The trick of this lesson: [data_constraint], or "password proximity", bases on the protectionist's need to keep an eye on the protection "working" when he assembles it. He must "see" the relationships between USER INPUT NUMBER, USER INPUT TRANSFORMED and the CORRECT NUMBER ANSWER (in our jargon: the "Bingo"). These relationships must be constantly checked In order to debug the protection code. Mostly they will dwell TOGETHER inside a small stack area, allowing them to be "seen" in the SAME watchwindow. Most of the time, therefore, the "ECHO" will "materialize" shortly not very far away from one of the locations of the USER INPUT. Let's crack:
* Fire Winice and then Winformant
* Choose HELP and then choose REGISTRATION
* Fill the registration fields with "+ORC+ORC" as "Registrant" and "12121212" as "Activation" code (use whatever you fancy).
CTRL+D ;switch to Winice
:task ;let's see what's the name of this crap
TaskName SS:SP StackTop StackBot StackLow TaskDB hQueue Events
WINWORD 1AD7:85F2 4A52 8670 7532 1247 122F 0000
PROGMAN 1737:200A 0936 2070 1392 066F 07F7 0000
DISKOMAT *2C5F:6634 1D3C 6AC6 5192 2CB7 2C9F 0000
:hwnd DISKOMAT ;which window is getting the input?
WinHandle Hqueue QOwner Class Name Window Procedure
0EB4(0) 2C9F DISKOMAT #32769 04A7:9E6B
0F34(1) 2C9F DISKOMAT #32768 USER!BEAR306
365C(1) 2C9F DISKOMAT #32770 2C3F:0BC6
36BC(2) 2C9F DISKOMAT Button 2C3F:1CEA
3710(2) 2C9F DISKOMAT Edit 2C3F:24BE
... and many more irrelevant windows.
Let's pinpoint the code, here the relevant window is the first "Edit" one, for obvious reasons (more on this later).

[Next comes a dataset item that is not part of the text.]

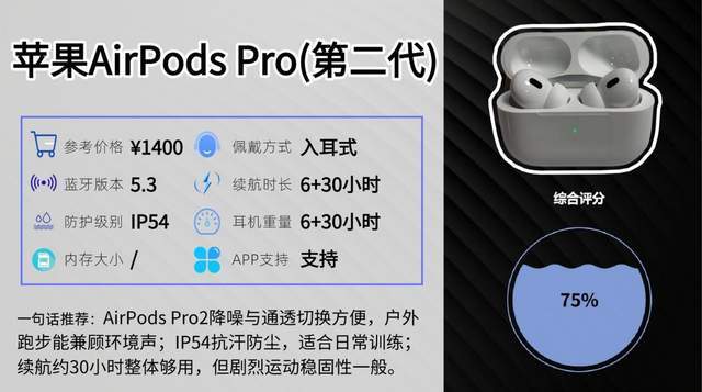 适合跑步、健身、散步等轻中度运动,IP54防尘抗汗,汗水或小雨不会影响使用。单次续航约6小时,搭配充电盒可达30小时,足够支撑一天训练和通勤需求。耳机稳定性高,运动中大幅度动作也不会轻易掉落,同时支持查找功能,防丢更安心。综合来看,AirPods Pro(第二代)以主动降噪、空间音频、舒适佩戴和良好续航为亮点,是兼顾音乐体验和日常轻中度运动的高端耳机选择。

:bmsg 3710 wm_gettext ;set breakpoint
CTRL+D ;run the babe until you get:
Break Due to BMSG 3710 WM_GETTEXT C=01
Hwnd=3710 wParam=0050 lParam=2C5F629A msg=000D WM_GETTEXT
2C3F:000024BE B82F2C MOV AX,2C2F
So! Now we have "pinpointed" the babe (more on "pinpointing" later). Let's snoop around a little: look at the stack to fetch your babe's last call (if it does not show immediately, just keep pinpointing, for instance on GetWindowText() or do a BPRW diskomat (very useful), and then try and retry the stack... should this too fail to work, search for your input in memory (in the 30:0 lffffffff selector, as usual) and breakpoint range on it with ReadWrite, and then stack, stack, stack... until you get the "real" list of calls coming from your babe's protection.
:stack ; let's see
USER(19) at 073F:124C [?] through 073F:1239
CTL3D(02) at 2C3F:0D53[?] through 2C3F:0D53
DISKOMAT(01) at 2C97:20B9 [?] through 2C97:20B9
DISKOMAT(01) at 2C97:3D94 [?] through 2C97:3D94
DISKOMAT(01) at 2C97:49E2 [?] through 2C97:4918
DISKOMAT(04) at 2C7F:EA20 [?] through 2C7F:EA20
USER(01) at 04A7:19BE [?] through USER!GETWINDOWTEXT
== CTL3D(02) at 2C3F:24BE [?] through 04A7:3A3Cæ
Beautiful stack fishing! Do immediately a BPX on babe:EA20.
2C7F:EA35 9A25ABA704 CALL USER!GETWINDOWTEXT
2C7F:EA3A 8D46AE LEA AX,[BP-52] ;load ptr "+ORC+ORC"
2C7F:EA3D 16 PUSH SS ;save pointer segment
2C7F:EA3E 50 PUSH AX ;save pointer offset
2C7F:EA3F 9A768D872C CALL 2C87:8D76; get strlen "ORC+ORC"
2C7F:EA44 83C404 ADD SP,+04
2C7F:EA47 3D2800 CMP AX,0028
2C7F:EA4A 762C JBE EA78
...
2C7F:EA97 8D46AE LEA AX,[BP-52] ;load ptr "+ORC+ORC"
2C7F:EA9A 16 PUSH SS ;various algors on input
2C7F:EA9B 50 PUSH AX ;follow here, we do not
... ;need to care
2C7F:EAB2 0F851101 JNE EBC7
2C7F:EAB6 8D8E5CFF LEA CX,[BP+FF5C] ;ptr "12121212"
2C7F:EABA 16 PUSH SS
2C7F:EABB 51 PUSH CX
2C7F:EABC 9A768D872C CALL 2C87:8D76 ;get strlen "12121212"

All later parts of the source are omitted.